Não mereço estar portando o nome da sua casa. O que eu fiz na igreja? Cometi o maior pecado, não só o da carne, mas também o da ira. Eu estou querendo correr, sair daqui e culpar todos pelo o que aconteceu com Mellany.
Eles não sabiam, e nunca iriam saber o que tinha acontecido. A situação era óbvia e estou sofrendo o castigo divino. Estou sofrendo em todas as formas.
Sinto-me quente, vivo. Como nunca estive antes e agora estava ficando com medo.
- Fiz meus votos não há muito tempo atrás.
- E na primeira tentação você desiste de Deus? Desiste da sua salvação?
- Estou lutando para a salvação dela, eu posso ajudar uma mulher a encontrar seu caminho. Posso seguir o meu próprio caminho! - Foi o maior absurdo que já disse na minha vida. Os outros faltaram tapar os ouvidos, tamanha blasfêmia que saíra de minha boca.
- Salvação? Quer ajudar uma moça a ter salvação? A salvação dessa moça é tirar seus votos? - questionou o bispo. Engoli a seco minhas palavras. Queria dizer que nada importava naquele momento, mas meu lado racional estava agitado.
Estou tentando jogar toda a minha vida por uma noite, por uma mulher. Eu sou sujo, promíscuo, fraco. Sou um pecador agora. Tinha caído em tentação e cedi minhas necessidades como homem, fiz algo que não poderia ter feito.
- Posso fazer minhas escolhas sozinho. Não tenho mais 15 anos – insisti. No mínimo que fosse, eu estava dividido. Entre Deus e mellany!
Deus é minha prioridade, eu nasci por sua gloria, e agora dava as costas pra ele. E pior: estou duvidando de sua palavra.

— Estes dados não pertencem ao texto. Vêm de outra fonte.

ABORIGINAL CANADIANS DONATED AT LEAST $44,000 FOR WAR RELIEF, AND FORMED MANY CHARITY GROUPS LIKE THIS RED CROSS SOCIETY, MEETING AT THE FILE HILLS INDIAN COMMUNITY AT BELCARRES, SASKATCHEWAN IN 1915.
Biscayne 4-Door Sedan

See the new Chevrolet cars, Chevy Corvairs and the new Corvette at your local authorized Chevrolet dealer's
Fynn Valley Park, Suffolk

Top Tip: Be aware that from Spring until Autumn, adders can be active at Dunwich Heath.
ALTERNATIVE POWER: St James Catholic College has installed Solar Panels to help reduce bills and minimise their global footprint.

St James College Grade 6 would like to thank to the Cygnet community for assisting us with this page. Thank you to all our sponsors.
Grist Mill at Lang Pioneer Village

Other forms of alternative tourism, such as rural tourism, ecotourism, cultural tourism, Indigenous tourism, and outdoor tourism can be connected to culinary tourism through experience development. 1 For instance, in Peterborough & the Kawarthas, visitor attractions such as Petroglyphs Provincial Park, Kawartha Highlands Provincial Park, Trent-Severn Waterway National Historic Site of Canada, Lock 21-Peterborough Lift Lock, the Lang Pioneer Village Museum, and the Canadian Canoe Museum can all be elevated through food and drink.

- Sua escolha é abandonar a igreja?
- Não! – neguei. - Mas eu voltarei e cumprirei minha penitência - insisti mais uma vez. O único que ainda não tinha se pronunciado era o frade. De todos os homens nessa sala, o frade era o mais purificado. Uns dizem que a nossa santidade é o Papa, o homem mais próximo de Deus.
E eu digo que um frade é o homem mais digno e próximo a Deus. Eles vivem como peregrinos, não vestem nada sem ser sua bata marrom, um cordão amarrado a cintura e sandálias - que prefeririam andar descalços. Vivem da miséria dos outros, dormindo ao relento. Além de viverem em eterna comunhão com Deus, e que no caso, eu não merecia estar na mesma sala que o frade.

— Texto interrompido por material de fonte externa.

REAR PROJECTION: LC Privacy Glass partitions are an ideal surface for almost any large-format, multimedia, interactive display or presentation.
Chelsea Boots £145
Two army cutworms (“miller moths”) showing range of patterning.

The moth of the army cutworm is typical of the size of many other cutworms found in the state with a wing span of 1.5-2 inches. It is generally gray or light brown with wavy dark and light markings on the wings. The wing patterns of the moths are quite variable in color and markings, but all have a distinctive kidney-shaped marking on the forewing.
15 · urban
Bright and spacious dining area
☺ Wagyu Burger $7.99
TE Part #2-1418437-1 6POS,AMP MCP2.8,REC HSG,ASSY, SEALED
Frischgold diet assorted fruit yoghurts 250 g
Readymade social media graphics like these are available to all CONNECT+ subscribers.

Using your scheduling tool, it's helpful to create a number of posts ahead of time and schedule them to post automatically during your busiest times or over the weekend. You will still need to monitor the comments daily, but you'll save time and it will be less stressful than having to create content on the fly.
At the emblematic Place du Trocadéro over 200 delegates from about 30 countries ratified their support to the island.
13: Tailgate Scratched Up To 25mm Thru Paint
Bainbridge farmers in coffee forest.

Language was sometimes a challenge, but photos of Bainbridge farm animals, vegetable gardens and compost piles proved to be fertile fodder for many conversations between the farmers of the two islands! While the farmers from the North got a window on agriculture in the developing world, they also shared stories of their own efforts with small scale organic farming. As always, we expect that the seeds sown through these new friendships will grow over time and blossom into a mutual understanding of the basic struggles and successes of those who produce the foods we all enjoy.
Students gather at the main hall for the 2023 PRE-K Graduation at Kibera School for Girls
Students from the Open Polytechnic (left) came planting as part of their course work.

O que sentia além do medo? A total repulsa sobre meu corpo. Eu sou sujo, imundo. Fiz da igreja uma orgia cometendo pecados lá dentro. Agora tinha a certeza da ida de Mellany. Deus estava me castigando por fazer sua casa de um prostíbulo.
- Deus poderia salvar todos os pobres, dando-lhes pão, água e teto. Mas alguém tem que sofrer por nós, não acha? A salvação é individual, e queremos ajudar você a ter a sua. - Minhas pernas fraquejaram e minhas lágrimas estavam paradas. Nada me faria tirar Mellany da cabeça.
- Não sou digno de usar uma batina, não sou digno da igreja.
- Desde quando assume um compromisso com Deus, és digno de muita coisa. Deus te colocou em prova e você vai desistir?
- Deus está testando sua fé! Às vezes Deus faz isso para saber até quando vamos estar com ele - acrescentou o padre Simon. Todos eles tinham razão, nesse momento meu consciente havia acordado.
Pattie desceu com uma pequena mala. Rezei para que não fosse me condenar ou achar as coisas que Jeremy tinha me dado. Eu não queria ir, mas também não queria ficar.
- Jovem, logo encontrará a paz divina. Esse momento foi apenas uma tentação e sabemos como pode se redimir com Deus e com sua igreja.
- Apenas quero ajudar uma pessoa.
- Não seja egoísta! Na igreja você pode ajudar várias pessoas e não só uma. -Padre Simon sorriu e depois tocou meu ombro. - Vamos para a casa paroquial e iremos conversar em particular, junto do frade.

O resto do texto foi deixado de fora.